:: Problem description ::
Each line below should be repeated exactly as written, with no pictures carried over.

Information supplied below:

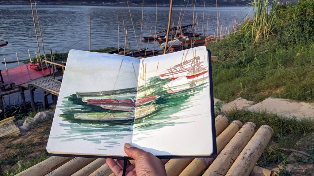 Faire un carnet de voyage c’est cristalliser son regard et sa sensibilité par le biais du dessin, de l’aquarelle,… Une façon de voyage qui s’imprègne en nous, rendant le voyage plus fort en émotions et ressentis.
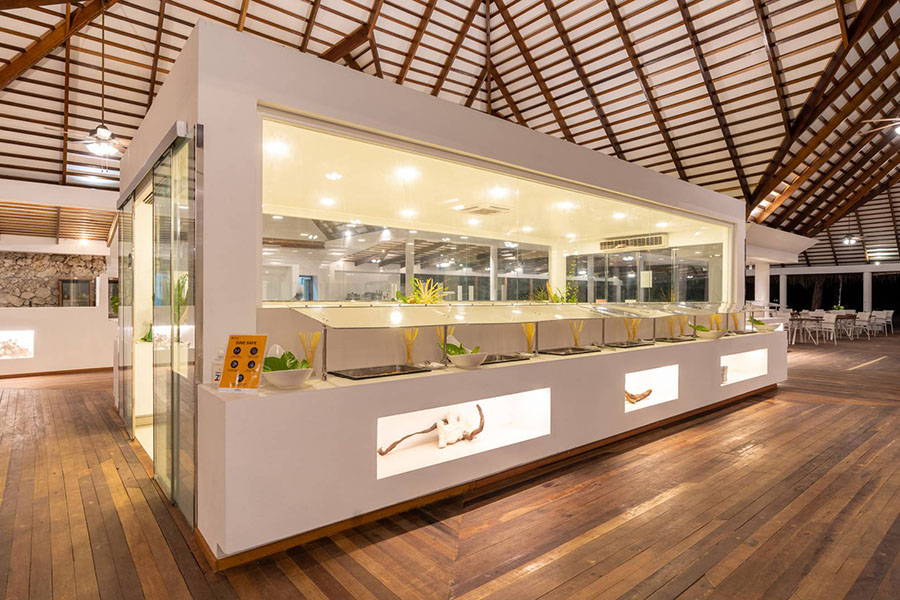 餐厅介绍:Alimatha 的 Sunset Bar 用它的名字来形容就完美无缺。面向日落,它在海面上的座位由树干制成,可直接通往地平线。日落酒吧位于水上酒吧附近的特殊位置,使一天中的最后几个小时成为真正的声音和色彩的诗歌。这里是告别阳光的理想场所,然后享用开胃酒和浪漫晚餐。
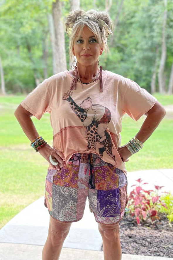You’ll be riding high in this 🐘Ember Moon Dance tee – no question! Crafted with 100% prewashed cotton for extra softness and a generous, relaxed fit, it’s perfect for maximum comfiness. Plus, a fun and quirky giraffe graphic on the front with distressed shoulders make it the ideal party piece. 🤩

End of Information supplied.

:: Task answer ::
 Faire un carnet de voyage c’est cristalliser son regard et sa sensibilité par le biais du dessin, de l’aquarelle,… Une façon de voyage qui s’imprègne en nous, rendant le voyage plus fort en émotions et ressentis.
 餐厅介绍:Alimatha 的 Sunset Bar 用它的名字来形容就完美无缺。面向日落,它在海面上的座位由树干制成,可直接通往地平线。日落酒吧位于水上酒吧附近的特殊位置,使一天中的最后几个小时成为真正的声音和色彩的诗歌。这里是告别阳光的理想场所,然后享用开胃酒和浪漫晚餐。
You’ll be riding high in this 🐘Ember Moon Dance tee – no question! Crafted with 100% prewashed cotton for extra softness and a generous, relaxed fit, it’s perfect for maximum comfiness. Plus, a fun and quirky giraffe graphic on the front with distressed shoulders make it the ideal party piece. 🤩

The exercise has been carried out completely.